Before Coldwell Banker, I had lunch with sensei. He shared this exchange of letters with me, which I am now sharing it with you:
Dear Sensei:
I am working up a presentation and I have run into the question as to whether "Original Nature" and "Buddha-Nature" are one and the same. I believe they are but I can't find a source that directly says they are. Can these terms be used interchangeably? If the answer is very complex, I believe I will leave it out of my presentation at this time. If the answer is both yes and no, as so many answers are, I can live with that. If the answer is silence that will be really interesting. In any event...thank you for reading this.
Gassho,
D.
Very good, Don; you will do well in your presentation.
Yes, these are virtually interchangeable, and should not be a source of confusion or debate. The former is actual while the latter is also a matter of right aspiration or view.
The buddha in buddhanature is not the historical Buddha (thus no capital) but it means "awakened nature," the same awakening that Buddha experienced and is innate in all human beings, though not in all sentient beings.
The original nature is that which we share with all sentient beings, and would be analogous to "somokushin," or hridaya in Sanskrit, the "mind of grass and trees" expounded by Master Dogen in "Hotsu-Bodaishin, Establishment of the Bodhi-Mind," chapter #70 Shobogenzo (Nishijima and Cross) Book 3, P.265. This in my opinion is one of the most important fascicles of Master Dogen, clarifying the Buddhist theoretical underpinnings of reality.
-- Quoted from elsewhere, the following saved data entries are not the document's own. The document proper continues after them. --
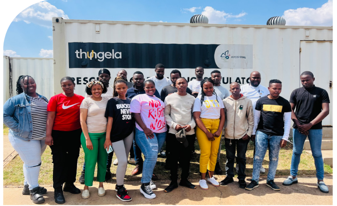
Abafundi ababili sebeyingxenye yohlelo lwethu lwelearnership

Ngo2023, iZibulo Colliery yethule uhlelo lokuqeqesha intsha olubizwa ngecadetship programme. Loluhlelo luqeqeshe amalungu omphakathi angu20 ukusebenzisa imishini esetshenziswa ngaphansi emgodini. Ezinyangeni ezingu-4, abakulolu hlelo bese bethole isipiliyoni esihle. Ngokubona ukuthi abaningi kubo abanawo umatikuletseni, sibasekile ngeNational Accredited Technical Education Diploma (iNATED) esizoqedwa. Ngenxa yalokhu, u85% wabo usunozitifiketi zikaN2 kanti manje usubhalisele uN3.
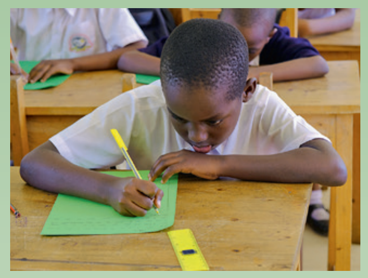
The children have pen pals with students from Switzerland: With great joy, they return letters from Swiss school classes.
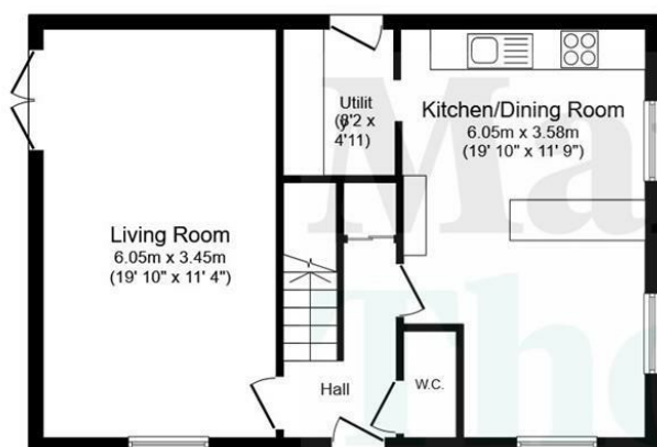
Ground Floor Floor area 53.9 m 2 (580 sq.ft.)
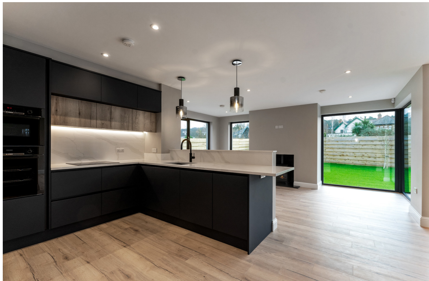
Stunning kitchen / living dining space opening out to patio and enclosed garden
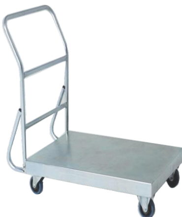
S.S. Platform Trolley Size : Customized

Beings with innate buddhanature do not necessarily know it. This means they have not awakened to it, but the original nature is there. Buddhanature is meaningless for all practical purposes unless one awakens to it. Original nature is skewed toward realization of buddhanature but will not necessarily realize it in this lifetime.
Another fascicle, "Bussho, Buddha-Nature," #22, Book 3, p. 1, you should probably read to understand buddhanature as action, not as a static state of existence.